Если, с другой стороны, провести (как это и было сделано в «Восхождении из Эдема») исторический анализ последовательности или эмерджентного возникновения духовных состояний, которые были доступны типовым формам наиболее продвинутого сознания в каждую из крупных эпох (от магической до мифической и ментальной), то, в общем, можно обнаружить последовательность трансперсональных состояний, которые выходят за пределы шаманских состояний (психическое) в состояния святых (тонкое) и мудрецов (причинное), причем каждое последующее состояние имеет доступ к предыдущему, но не наоборот, – и это служит настоящим признаком холархии развития.

Продвинутая форма магико-кормодобывающей эпохи, таким образом, совершенно точно была знакома с глубинными измерениями подлинного духовного развития, даже если мы и не можем с убедительностью заявлять о том, что сам шаманизм охватывал всю территорию. Если же вернуться к средней форме сознания, то можно задаться вопросом: какова действительная природа дорефлексивного, недиссоциированного сознания, или «магической структуры», средней формы кормодобывающего сознания? Было ли оно подлинно интегрированным, холистическим, гармоничным целым?

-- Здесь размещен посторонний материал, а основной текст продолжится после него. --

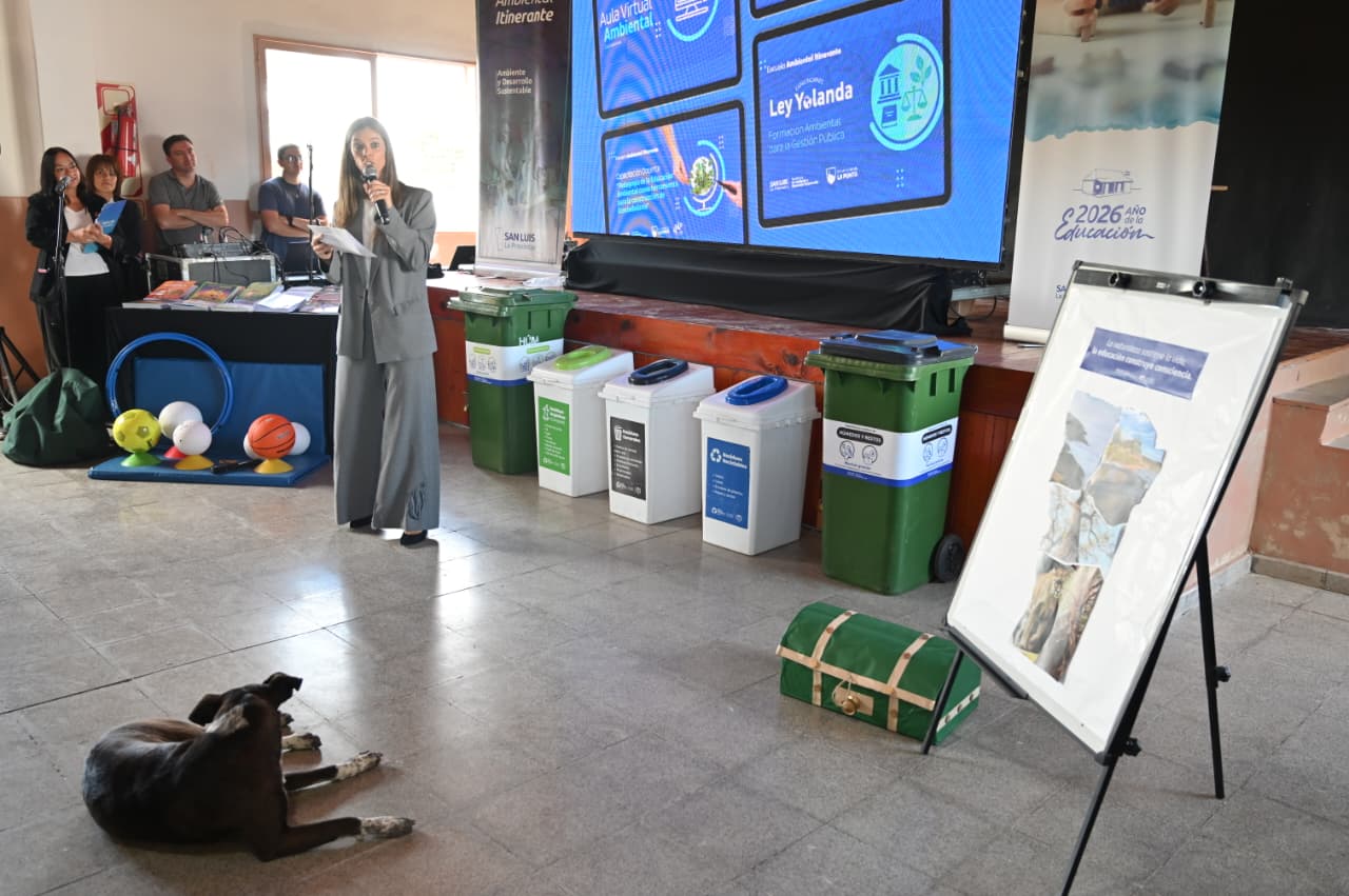 La directora de Planificación y Coordinación General, María Pérez Cubero, fue la encargada de presentar los alcances de la Escuela Ambiental Itinerante para el ciclo 2026. “Es una política interinstitucional, porque lo compartimos con otras dependencias del Gobierno, pero fundamentalmente es transgeneracional, porque apuntamos a formar las generaciones presentes y plantar una semilla de conciencia para el futuro del medioambiente”, expresó.

Нет сомнений в том, что магическая структура была выдающейся формой сознания. По крайней мере, в нее были погружены первые мужчины и женщины, эволюционировавшие далее крупных приматов и гоминидов. И хотя некоторые люди все равно будут настаивать на том, что тем самым, дескать, мы оскорбляем приматов, все же это было колоссальное эволюционное достижение с точки зрения любой системы суждений. Однако вопрос в том, была ли она действительно интегрированной личностью, культурой и природой, или же она еще не полностью дифференцировалась от них, если уж на то пошло? Называя данную магическую структуру «недиссоциированной», сторонники романтизма делают вид, что вопрос решен, избегая самой проблемы. Величественный и повсеместно используемый предлог «не» всегда служит предупреждением о риске совершения до/над-заблуждения. Ибо настоящий вопрос состоит не в том, была ли эта структура «недифференцированной», а в том, была ли эта структура «додифференцированной», или же она была по настоящему «наддифференцированной»? «Недиссоциированное» с легкостью применимо и к тому, и к другому (именно таким образом в нем и удается скрыть ДНЗ).

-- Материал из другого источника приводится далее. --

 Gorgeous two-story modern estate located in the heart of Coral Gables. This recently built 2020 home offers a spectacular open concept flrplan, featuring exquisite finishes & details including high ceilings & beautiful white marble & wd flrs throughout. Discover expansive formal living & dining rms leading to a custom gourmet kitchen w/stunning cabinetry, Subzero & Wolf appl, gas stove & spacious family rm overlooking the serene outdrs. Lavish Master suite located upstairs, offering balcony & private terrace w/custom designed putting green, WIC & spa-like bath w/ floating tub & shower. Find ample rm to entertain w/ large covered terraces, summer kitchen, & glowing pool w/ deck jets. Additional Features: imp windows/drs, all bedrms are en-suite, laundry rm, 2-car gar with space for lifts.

Если подойти к данному вопросу таким осторожным образом, то ответ будет более очевиден. Магическая структура была преимущественно додифференцирована. В этом отношении у исследователей, представляющих самый широкий спектр подходов, имеется общее единогласное мнение. Джин Хьюстон, вторя Джеральду Херду, называет это предындивидуальным и протоиндивидуальным периодами (то есть переходом от архаического к магическому). Дуэйн Элджин называет их суженным сознанием и пробуждением (прото)сознания. Юрген Хабермас и его коллеги, осуществившие обширные обзорные исследования, называют их доконвенциональной и додифференцированной стадией. Роберт Белла, прослеживающий эволюцию религий, называет их примитивной и архаической (додифференцированными системами действий). Эрих Нойманн называет их плероматической, уроборической и предындивидуированной стадиями. Это не означает чего-то глупого, заблуждающегося или слабоумного; это означает, что различные субъективные, объективные и межсубъективные сферы не задействовались на полностью дифференцированных основаниях. Кто-то считает это положительным явлением, другие же – проблемой; но, в общем и целом, имеется консенсус относительно самой структуры.